Seungbin Yang, ChaeHun Park, Taehee Kim, Jaegul Choo

TL;DR
This paper investigates whether tool-augmented large language models can recognize incomplete or ambiguous conditions and appropriately decide when to refrain from using tools, addressing a key challenge for reliable real-world AI applications.
Contribution
The study introduces a benchmark dataset and a prompting strategy that improve LLMs' ability to identify incomplete conditions and make better tool-use decisions.
Findings
State-of-the-art LLMs often fail to recognize incomplete conditions.
The proposed prompting strategy significantly improves recognition accuracy.
Enhanced models make more appropriate and reliable tool-use decisions.
Abstract
Recent advancements in integrating large language models (LLMs) with tools have allowed the models to interact with real-world environments. However, these tool-augmented LLMs often encounter incomplete scenarios when users provide partial information or the necessary tools are unavailable.

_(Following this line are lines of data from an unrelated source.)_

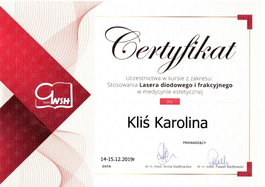 Serdecznie polecam Panią Doktor Karolinę Kliś-Pogwizd. To niezwykle kompetentna i profesjonalna specjalistka, którą znam od bardzo długiego czasu. Gdy pojawiła się u mnie opryszczka, nie zbagatelizowała problemu. Zareagowała szybko i skutecznie. Zależało mi na jak najszybszym pozbyciu się zmiany, dlatego zaproponowała laseroterapie biostymulacyjną, która przyniosła bardzo dobre efekty. Jestem bardzo zadowolona z opieki i podejścia do pacjenta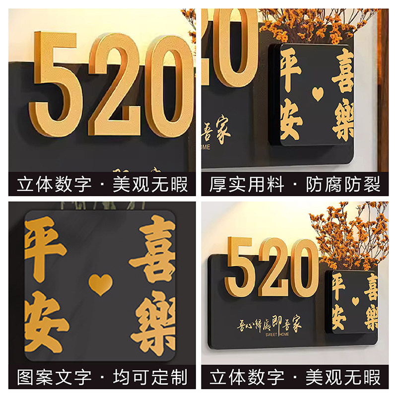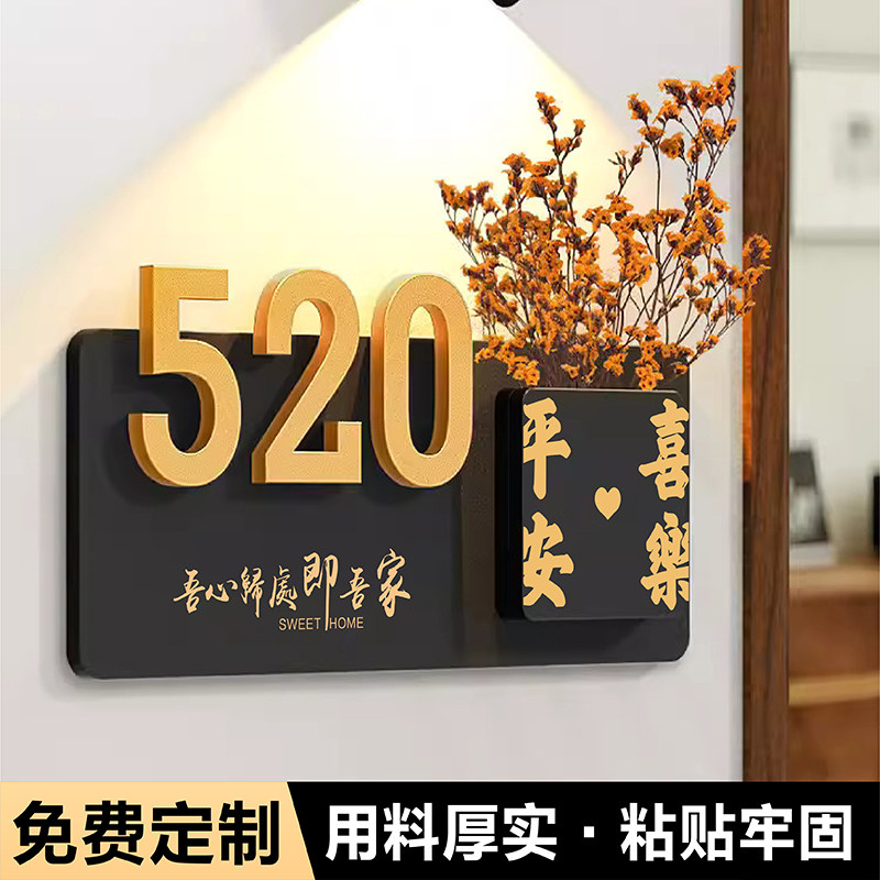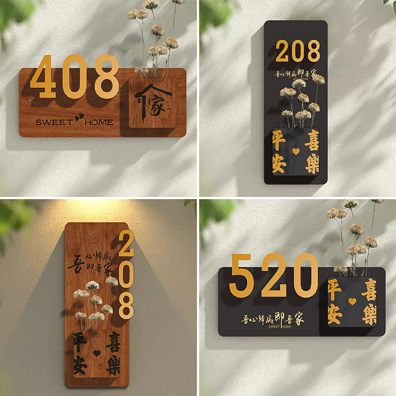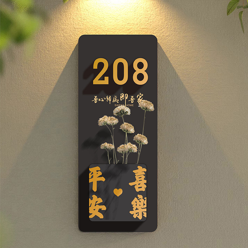 📚 入户门装饰门牌号高级感家用干花号码牌定制创意个性轻奢家庭木牌订制住宅庭院大门公司门口人体感应灯挂牌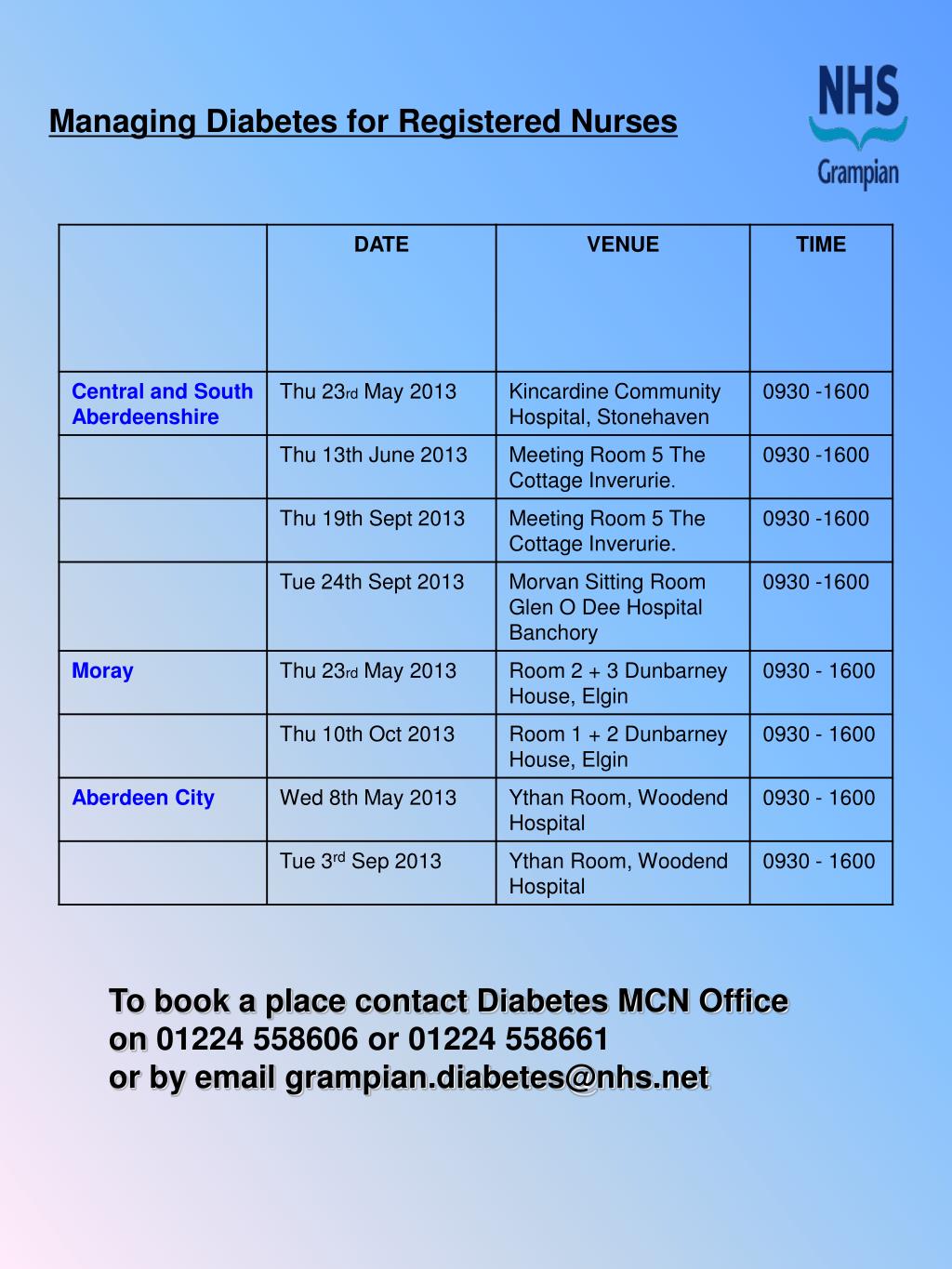 Managing Diabetes for Registered Nurses To book a place contact Diabetes MCN Office on 01224 558606 or 01224 558661 or by email grampian.diabetes@nhs.net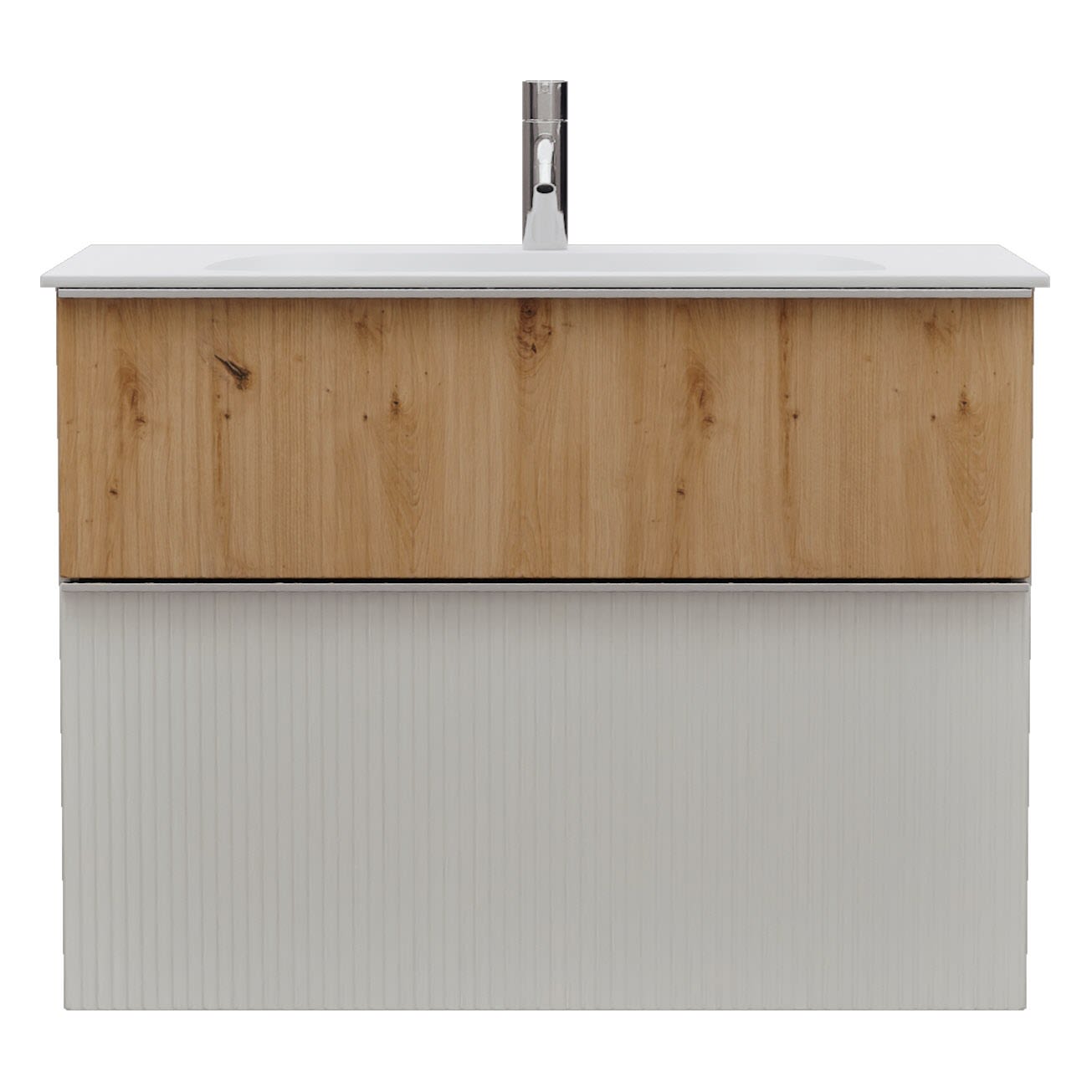 burgbad Fiumo 2.0 Mineralguss-Waschtisch mit Waschtischunterschrank 82 cm, mit Griff G0146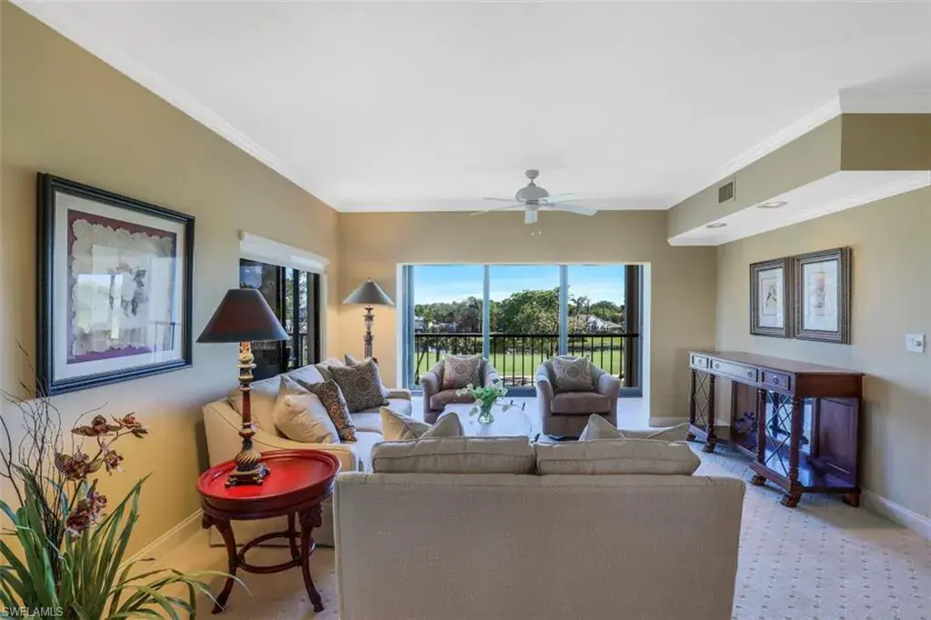 C7370 – Postcard-perfect lake and golf course views await at this sought-after top-floor corner residence. The spacious 3 BR plan showcases a wrap-around screened porch, with multiple sliding glass doors ideal for indoor-outdoor living. High ceilings make for light-filled interiors. Luxury renovations range from granite-topped custom wood cabinetry in kitchen and baths, to neutral palette tile floors, to rich crown molding and plantation shutters. The owner’s suite features a sitting area, re-designed bath with floor-to-ceiling tiled walk-in shower, dual vanities plus make-up vanity, and a large custom-fitted walk-in closet. Ample closet and storage spaces throughout are the icing on the cake. Meticulously maintained, the home has a newer (2020) energy-efficient AC system and is move-in ready. Furnishings are negotiable. Right across from Pelican Bay’s beach access and steps away from the Commons tennis center, Interlachen affords an ideal location for convenient proximity to Pelican Bay amenities. Resident privileges to Pelican Bay’s Lifestyle Center include wellness/fitness and community programs. Walkable to Club Pelican Bay with 27 holes of golf, spa/fitness & private dining.
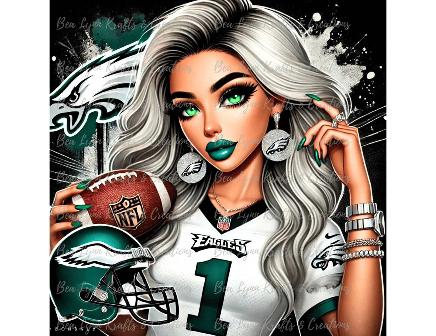- Striking Philadelphia Eagles-themed artwork featuring a fashionable female fan.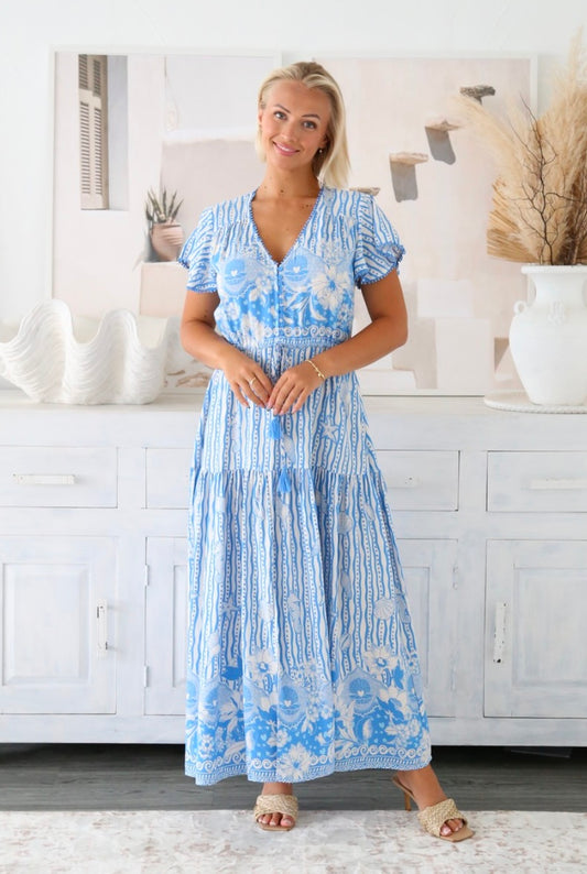 Celeste Short Sleeve Button Up Maxi Dress - Blue Sea Shell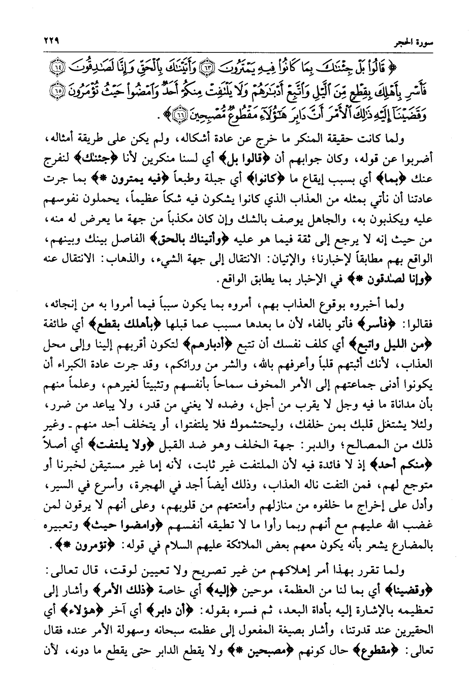) قَالُواْ بَلْ جِئْنَاكَ بِمَا كَانُواْ فِيهِ يَمْتَرُونَ وَآتَيْنَاكَ بِالْحَقِّ وَإِنَّا لَصَادِقُونَ فَأَسْرِ بِأَهْلِكَ بِقِطْعٍ مِّنَ اللَّيْلِ وَاتَّبِعْ أَدْبَارَهُمْ وَلاَ يَلْتَفِتْ مِنكُمْ أَحَدٌ وَامْضُواْ حَيْثُ تُؤْمَرُونَ وَقَضَيْنَآ إِلَيْهِ ذَلِكَ الأَمْرَ أَنَّ دَابِرَ هَؤُلآءِ مَقْطُوعٌ مُّصْبِحِينَ ( ( )
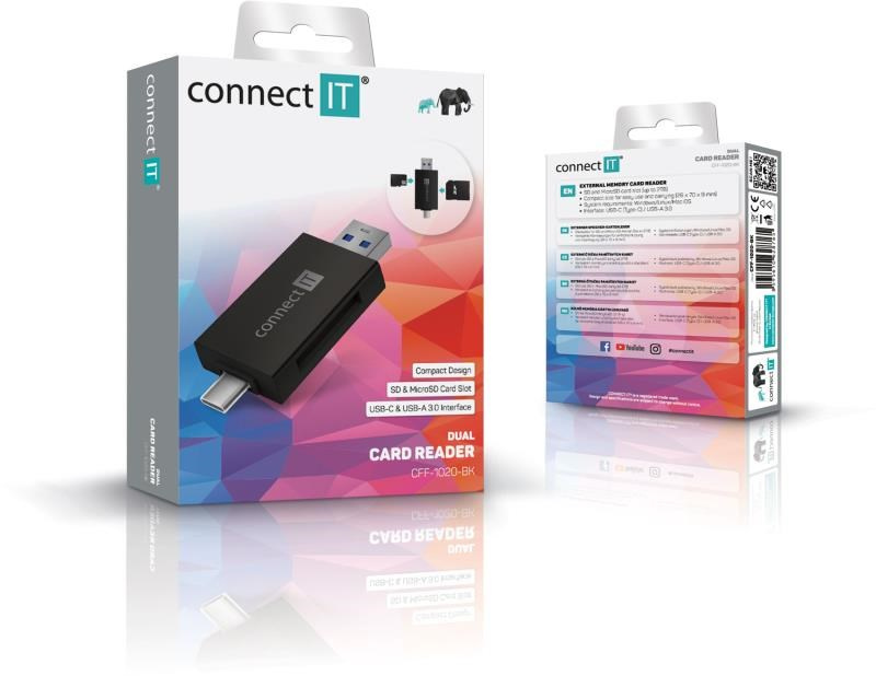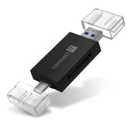 Praktická externí čtečka paměťových karet s konektory USB-A 3.0 a USB-C Dual Gear umožňuje kdekoliv přenášet obsah mezi vašimi paměťovými kartami a počítačem. Používá (zpětně kompatibilní) vysokorychlostní rozhraní USB 3.0, díky němuž je zajištěn bezproblémový a bleskový přenos dat mezi zařízeními. Čtečka má tvar flashdisku, takže ji lze snadno přepravovat a vzít si ji třeba i na cesty. Potěší i praktické krytky USB konektorů, které zabraňuje vniknutí nečistot a prachu, čímž předchází jakýmkoliv problémům. Přenosová rychlost 5 Gbps

Recognizing and managing such scenarios is crucial for LLMs to ensure their reliability, but this exploration remains understudied. This study examines whether LLMs can identify incomplete conditions and appropriately determine when to refrain from using tools. To quantitatively evaluate this capability, we construct a new benchmark dataset where instances are systematically altered to simulate the ambiguous and incomplete conditions common in real-world interactions. Our experiments reveal that even state-of-the-art LLMs often struggle to identify these conditions, attempting to use tools without…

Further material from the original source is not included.